Using the optional key
parameter
You've seen several examples of how to use the Python min() function to return the smallest value in an iterable or the smallest of several objects. However, the functionality may seem a bit limited at this point. For example, you haven't been able to compare objects of different data types, and min() won't necessarily return the iterable with the smallest value in it, just the first minimum value it encounters.
Fortunately, the optional key
parameter allows you to mitigate both of these concerns.
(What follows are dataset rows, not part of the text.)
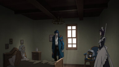 As always, the detective trio steals the show, Tsugaru with his clever “leg up” and waterfall puns and the ladies with their equally hilarious jabs at the “headliner”. Throwing Tsugaru’s pillow down the chimney because they needed something that was ok to get dirty was quite the jab.
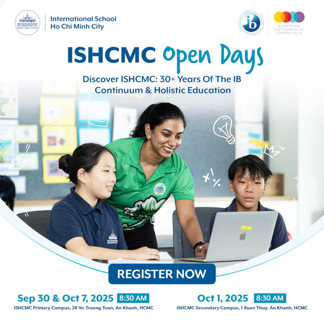 As Ho Chi Minh City's first international school, ISHCMC has over 30 years of experience inspiring students to think critically, embrace challenges, and love learning. Our community includes students from 60+ nationalities thriving in an inclusive, rigorous environment.
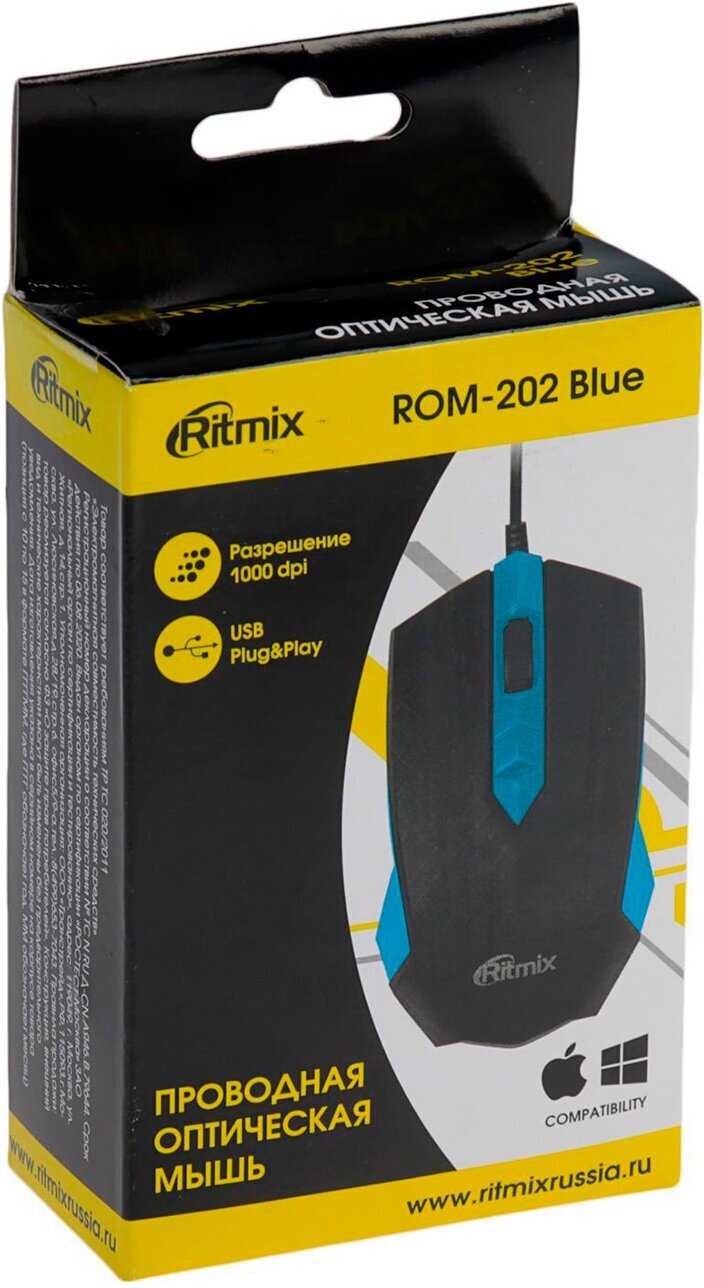 Ritmix ROM-202, wired, optical, 1000 dpi, USB, blue
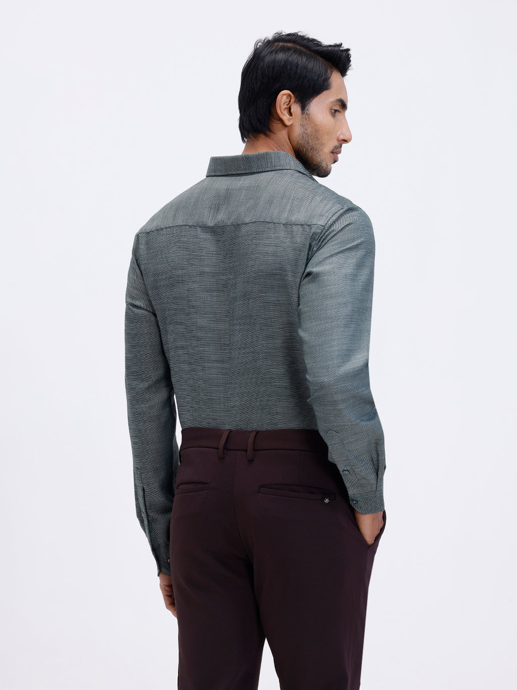 Men Cotton Rich Full Sleeve Shirt Green Dobby T59 AIT3
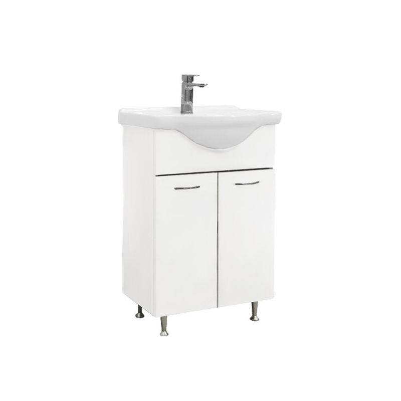 A fürdőszoba bútor kevés helyet foglal viszont tágas alsó szekrénnyel rendelkezik ahol kényelmesen elférnek a fürdőszobai pipere eszközök. Kevés helyigénye miatt kisebb fürdőszobák berendezésére is alkalmas, például panel lakásokban. A termék magas minőségű bútorlapból készül és színben passzoló élzárókkal van ellátva. A fürdőszobabútor álló kivitelben kapható.
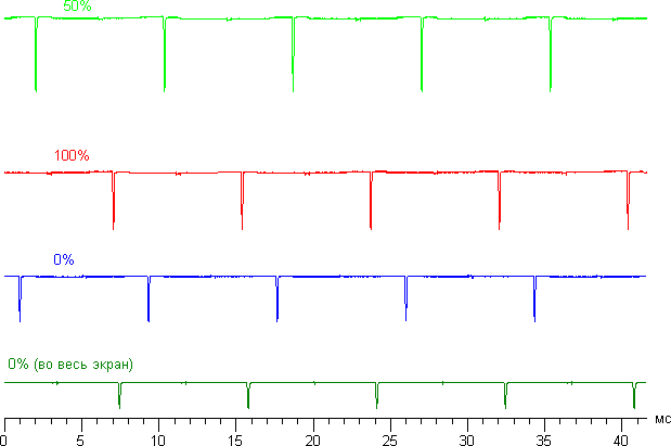 На любом уровне яркости видимое мерцание отсутствует, его не выявляет и тест на стробоскопический эффект. Регистрация зависимости яркости от времени при различных уровнях яркости выявила модуляцию яркости с очень высоким коэффициентом заполнения, что и объясняет отсутствие мерцания. В доказательство приведем графики зависимости яркости (вертикальная ось) от времени (горизонтальная ось) при различных значениях настройки Яркость в режиме Яркий в случае белого поля примерно на 15% от площади экрана, если не указано иное.

Comparing objects of different types
The key
parameter allows you to specify a function to apply to the objects you pass to min() before sorting begins. These include str()
, int()
, and list()
, for instance. Consider the following traceback errors:
>>> min(1, "a", 3, "2", 0.5)
Traceback (most recent call last):
File "<stdin>", line 1, in <module>
TypeError: '<' not supported between instances of 'str' and 'int'
>>>
>>> min((1, 2, 3), [1, 2, 4])
Traceback (most recent call last):
File "<stdin>", line 1, in <module>
TypeError: '<' not supported between instances of 'list' and 'tuple'
In the first example, you're trying to find the minimum value of several objects, but their data types differ. This raises a TypeError
, unless you use the key
parameter to convert them to the same type:
>>> min(1, "a", 3, "2", 0.5, key=str)
0.5
>>> min((1, 2, 3), [1, 2, 4], key=tuple)
(1, 2, 3)
key=str
says that all the elements should be treated as strings, and key=tuple
says they should all be treated as tuples. Now, the Python min() function has no trouble comparing these elements, as they've all been converted to the same type.
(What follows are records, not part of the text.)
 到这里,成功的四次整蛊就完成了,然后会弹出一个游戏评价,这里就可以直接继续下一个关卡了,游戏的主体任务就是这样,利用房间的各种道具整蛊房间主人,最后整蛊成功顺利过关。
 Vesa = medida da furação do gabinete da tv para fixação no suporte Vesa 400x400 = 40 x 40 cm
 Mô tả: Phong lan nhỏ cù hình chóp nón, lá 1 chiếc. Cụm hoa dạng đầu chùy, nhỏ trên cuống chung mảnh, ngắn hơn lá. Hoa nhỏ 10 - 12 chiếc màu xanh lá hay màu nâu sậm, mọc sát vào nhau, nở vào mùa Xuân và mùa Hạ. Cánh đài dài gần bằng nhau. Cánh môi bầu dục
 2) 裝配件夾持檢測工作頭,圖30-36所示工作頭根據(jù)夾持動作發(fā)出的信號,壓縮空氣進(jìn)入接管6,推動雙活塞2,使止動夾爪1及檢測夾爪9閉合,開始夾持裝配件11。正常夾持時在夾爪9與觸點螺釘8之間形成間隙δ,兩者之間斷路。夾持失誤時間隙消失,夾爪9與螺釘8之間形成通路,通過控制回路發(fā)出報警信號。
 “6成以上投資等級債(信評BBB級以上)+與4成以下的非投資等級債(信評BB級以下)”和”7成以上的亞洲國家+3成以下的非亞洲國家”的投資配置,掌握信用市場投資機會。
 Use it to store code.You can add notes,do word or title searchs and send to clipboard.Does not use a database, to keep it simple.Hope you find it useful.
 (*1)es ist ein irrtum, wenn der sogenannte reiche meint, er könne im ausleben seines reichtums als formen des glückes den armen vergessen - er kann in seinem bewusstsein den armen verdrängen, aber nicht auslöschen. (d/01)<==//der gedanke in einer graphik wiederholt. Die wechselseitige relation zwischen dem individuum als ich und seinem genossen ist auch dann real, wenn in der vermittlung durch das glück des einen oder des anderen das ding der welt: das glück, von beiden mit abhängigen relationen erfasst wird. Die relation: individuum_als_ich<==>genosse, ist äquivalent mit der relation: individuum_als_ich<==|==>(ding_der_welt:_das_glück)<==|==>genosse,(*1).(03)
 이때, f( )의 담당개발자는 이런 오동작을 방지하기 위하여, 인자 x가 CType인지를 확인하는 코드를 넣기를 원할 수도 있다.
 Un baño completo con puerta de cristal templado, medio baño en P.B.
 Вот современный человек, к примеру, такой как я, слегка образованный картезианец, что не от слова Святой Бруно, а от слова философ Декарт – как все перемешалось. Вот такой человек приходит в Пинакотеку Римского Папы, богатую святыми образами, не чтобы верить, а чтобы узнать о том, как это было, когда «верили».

Sorting by a different method
The Python min() function uses default sort methods to find the object with the minimum value. This results in return values like the following:
>>> min([1, 4, 2], [1, 3, 5, 7])
[1, 3, 5, 7]
The second list [1, 3, 5]
is returned as the minimum value, despite the fact that the first list [1, 4, 2]
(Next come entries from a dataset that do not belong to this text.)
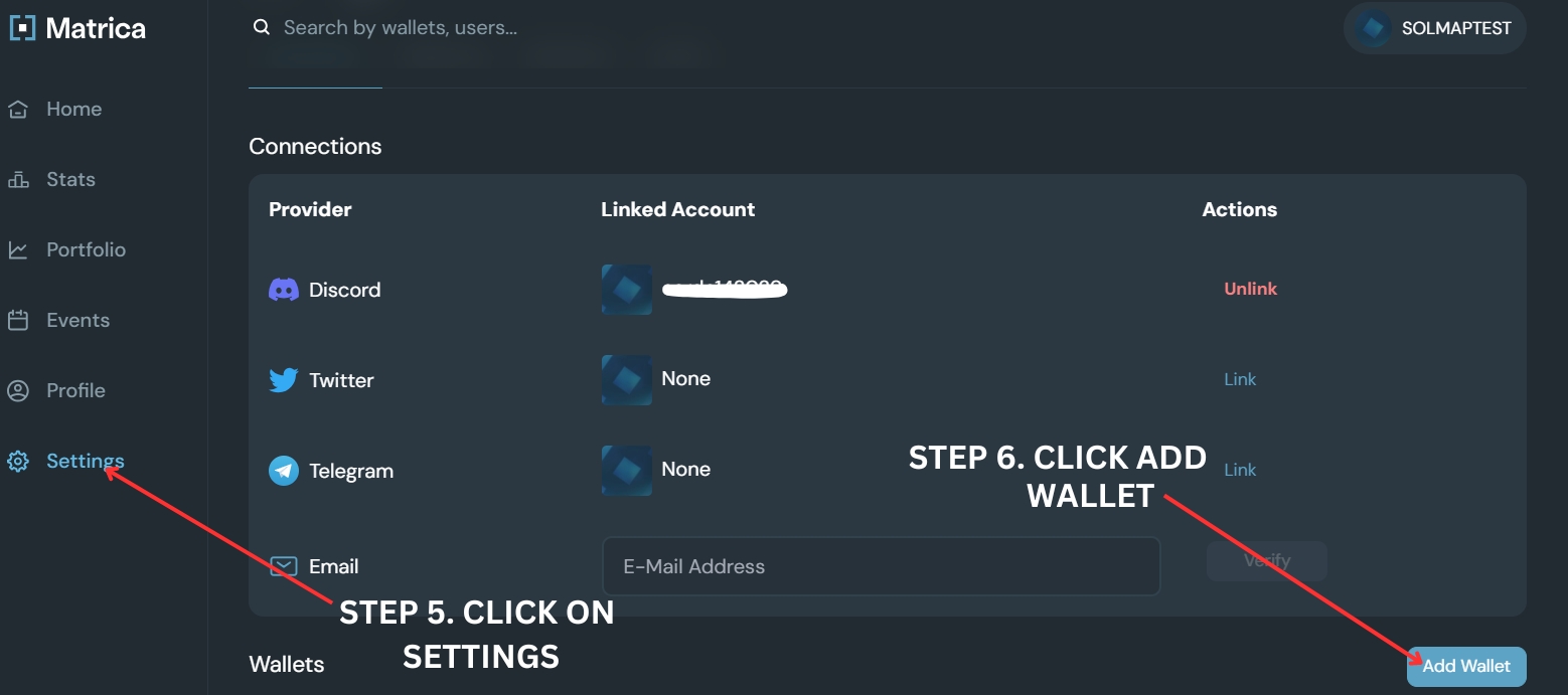 Step 2. Click " Manage Wallets " - it doesn't matter if you don't have a profile on Matrica as you can still set it up in this process.
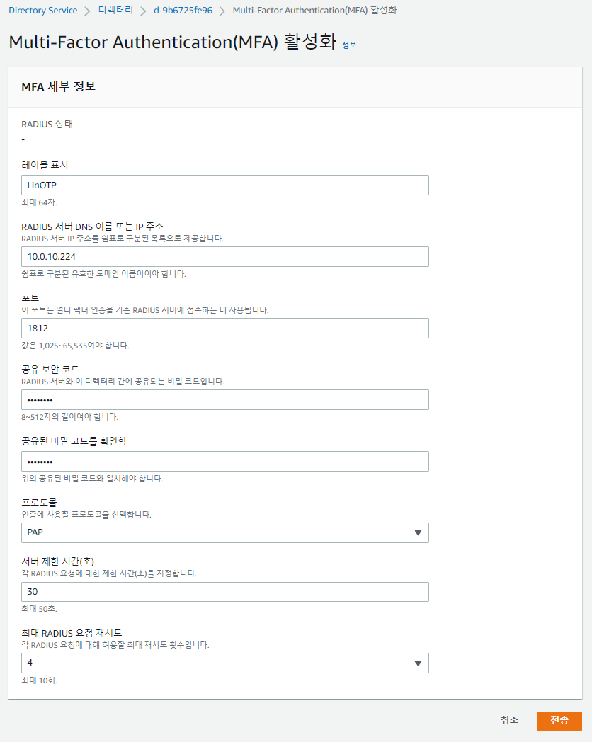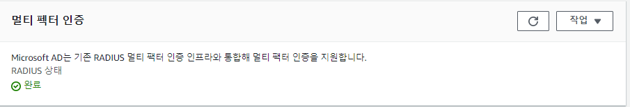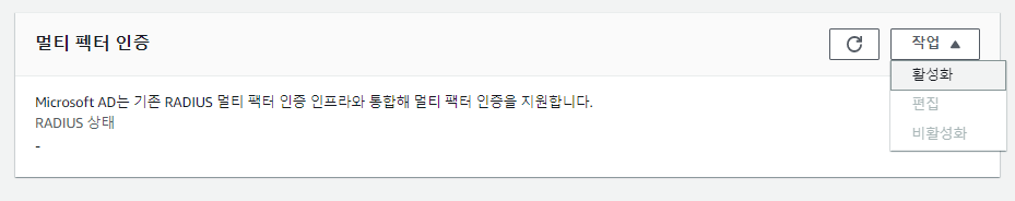 AWS Console > Directory Service > MFA 설정할 디렉터리 > 맨 밑의 멀티 팩터 인증 활성화
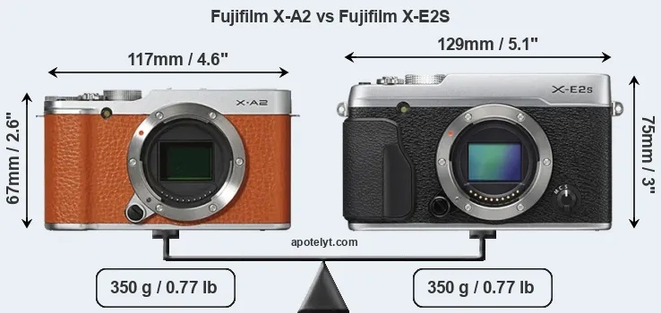 If the front view area (width x height) of the cameras is taken as an aggregate measure of their size, the Fujifilm X-E2S is notably larger (23 percent) than the Fujifilm X-A2. In terms of weight, the two cameras are very close. In this context, it is worth noting that neither the X-A2 nor the X-E2S are weather-sealed.

contains the smallest value overall (2). Moreover, the sum of the first list is smaller than the second, and the length of it is smaller as well.
You can use key
to specify what method you want to use to find the minimum value:
>>> min([1, 4, 2], [1, 3, 5, 7], key=min) # Return the minimum overall value
[1, 4, 2]
>>>
>>> min([1, 4, 2], [1, 3, 5, 7], key=len) # Return the minimum length
[1, 4, 2]
>>>
>>> min([1, 4, 2], [1, 3, 5, 7], key=sum) # Return the minimum sum
[1, 4, 2]
The first call to min() specifies key=min
, which compares the minimum value in each list. Now, the list with 2 in it is returned as the minimum. The second call to min() specifies key=len
, which returns the object with the shortest length; again, this is the first list, with only 3 elements. Lastly, the final call to min() specifies key=sum
, which says to return the object with the smallest sum overall. The first list has a sum of 7, while the second has a sum of 16. In all three cases, you're able to override the default sort functionality by specifying a different key
.
This works on strings as well:
>>> min("abigail", "Billy")
'Billy'
>>>
>>> min("abigail", "Billy", key=str.lower)
'abigail'
ASCII sort order says that 'B'
comes before 'a'
, so 'Billy'
is returned as the minimum value unless a different key
is specified. Here, key=str.lower
changes all strings to lowercase before comparison, resulting in the minimum value 'abigail'
.
You can also define your own functions and pass them in as the key
. Let's wrap the previous example in a function called lowercase()
:
>>> def mylowercase(x):
... return x.lower()
...
>>> min("abigail", "Billy", "bob", key=mylowercase)
'abigail'
It's the same result as before. The only difference is that the key
is a function you defined, instead of a built-in function that Python provides.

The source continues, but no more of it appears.